If that sounds clichéd, well, maybe it is.  Tender Mercies does a much better job of delivering that message than I could ever do, proving once again: a movie is not about what it’s about, it’s HOW it’s about it.


QUESTION FROM EVERYONE’S A CRITIC

Unless you read the script, you can only judge a screenplay by the movie. Based on the movie, do you feel this script deserved the award for Best Screenplay? Explain.

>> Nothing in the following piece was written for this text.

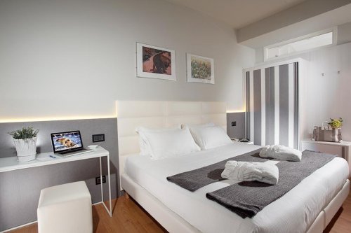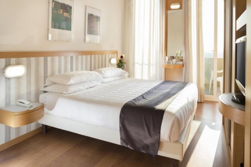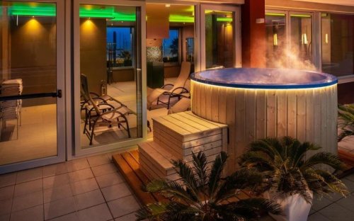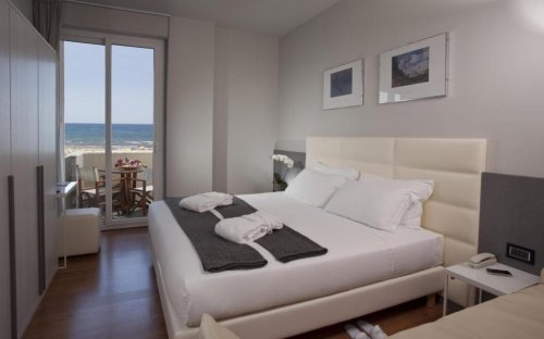 Stylový hotel s výhledem na moře se nachází hned u pláže, mezi letovisky Rimini a Riccione, pouze cca 1 km od letiště. Elegantně zařízený hotel nabízí prostorné interiéry, kde je pozornost věnována každému detailu. Mezi vybavení hotelu patří recepce otevřena nonstop, restaurace, bar, výtah, zahrada, terasa, společenská místnost s TV, WiFi připojení v celém hotelu zdarma, garáž za poplatek, soukromé parkoviště zdarma (omezená kapacita, nelze rezervovat). Dále hotel disponuje venkovním bazénem s mořskou vodou, slunečníky a lehátky, či vířivkou zdarma. Ve vnitřní části můžete relaxovat ve wellness centru za poplatek, které je vybaveno tureckými lázněmi, zážitkovými sprchami, finskou saunou, vířivkou, soláriem a čajovým koutkem. Za poplatek lze využít i masáže (info a rezervace na recepci). Nebudou se nudit ani děti, protože na ně čeká dětské hřiště, dětský koutek, dětský bazén, či miniclub na pláži (dle dostupnosti na místě). Pobyt s domácími mazlíčky (malé plemena psů) povolen na vyžádání u CK za poplatek dle ceníku hotelu na místě. Hotel akceptuje platební karty Visa, Mastercard a American Express.

Great question!  For the record, the other nominees that year were the screenplays for The Big Chill, Fanny and Alexander, Silkwood, and WarGames (that last one kinda surprised me).  I am a little surprised Tender Mercies edged out The Big Chill, a movie with far more prominence than this little Texas character study from an Australian director, but I would say Tender Mercies certainly deserved the award based on the movie by itself.  Much like Lost in Translation [2003], the screenplay relies more on silences and context to deliver its message rather than on showy dialogue or melodramatic plot developments (to be fair, there is one sort-of melodramatic plot twist in Tender Mercies, but it’s handled so well it doesn’t play that way).  Sure, Tarantino and Sorkin might deliver high-quality screenplays that are flashier and certainly wordier, but to craft such a high-quality film in such a minimalist style is admirable and deserves recognition.